その投資スタイルは短期売買やテクニカル分析とは無縁の、本質的かつ知的な投資アプローチです。
今なお多くの投資家に影響を与え続けています。
📘 “清原流”投資哲学:ミクロなら勝てる
清原さんは「マクロでは勝つことは非常に困難だが、ミクロでは勝てるチャンスが多い」と語ります。

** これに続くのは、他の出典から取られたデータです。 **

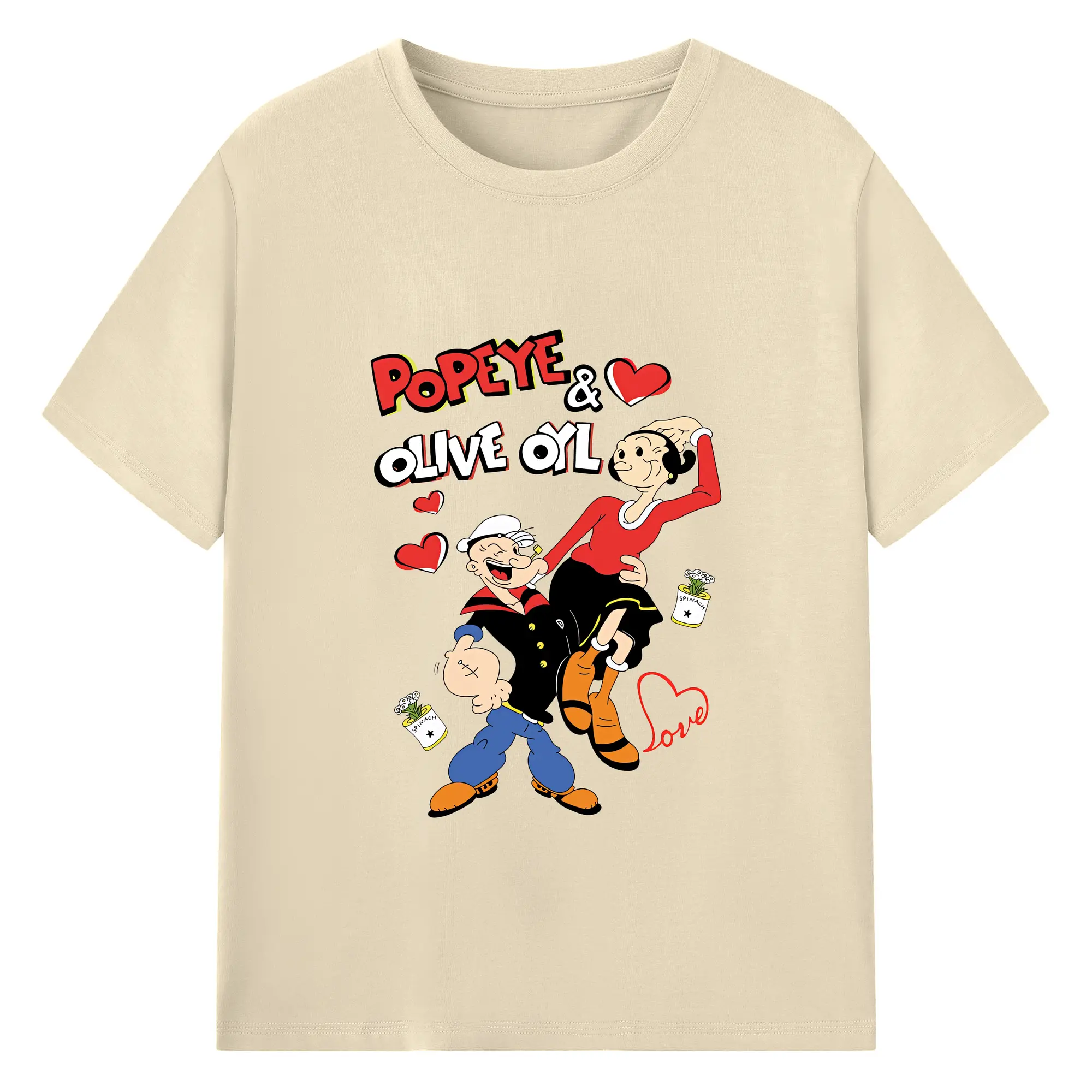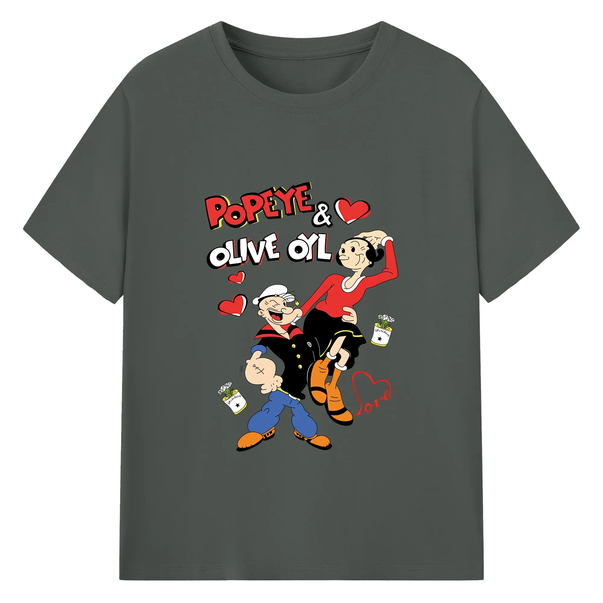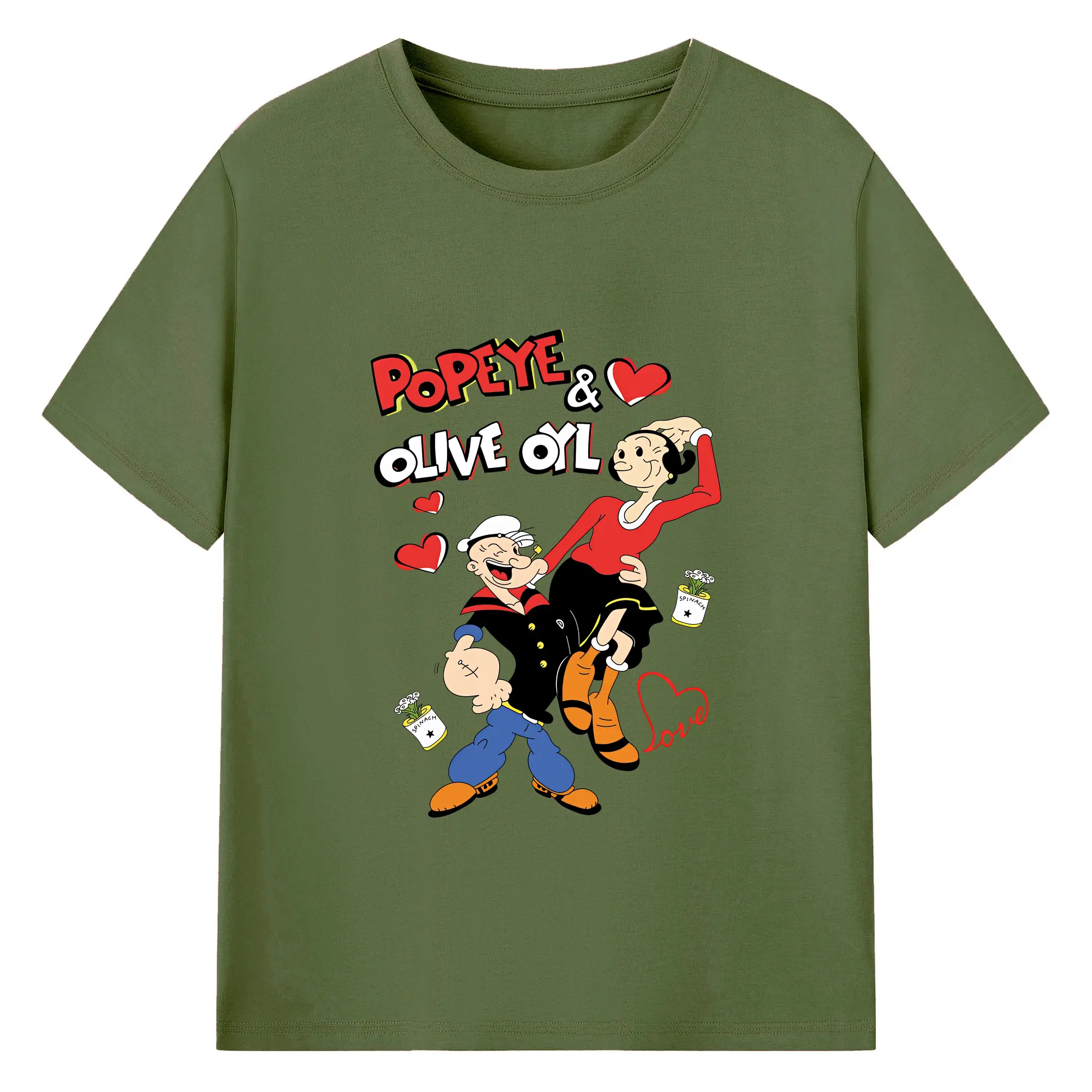 ポパイ グッズ オリーブ・オイル - 綿100% ヴィンテージ風 半袖Tシャツ ・ フロントプリント ・ 柔らか肌触り ・ 通気性 快適 ・ スポーツ カジュアル 外出用

つまり、経済、景気や金利といった大局よりも、個別の小型企業の本質的価値に着目すべきだという考えです。
🔍 伝説の個人投資家が小型株に注目する理由
清原さんが一貫して小型株にこだわる理由は、個人投資家が市場で優位性を発揮できる“数少ない領域”だからです。
大型株はすでに多くの機関投資家やアナリストによって分析され尽くしており、株価にはほぼ全ての情報が織り込まれています。
そのため、個人投資家が大型株を選定して購入することは、実質的にアクティブファンドと同じことをしているに過ぎず、結果としてTOPIXを上回る成果を出すのは極めて困難です。
一方、小型株は市場の注目度が低く、アナリストのカバレッジもほとんどありません。
つまり、情報の非対称性が存在しており、企業の本質的価値が株価に織り込まれていないケースが多々あります。
清原さんはこの“情報の空白地帯”にこそチャンスがあると考えています。
そして誰も見ていない企業に眠る隠れたストーリーを発掘することを投資の本質と位置づけています。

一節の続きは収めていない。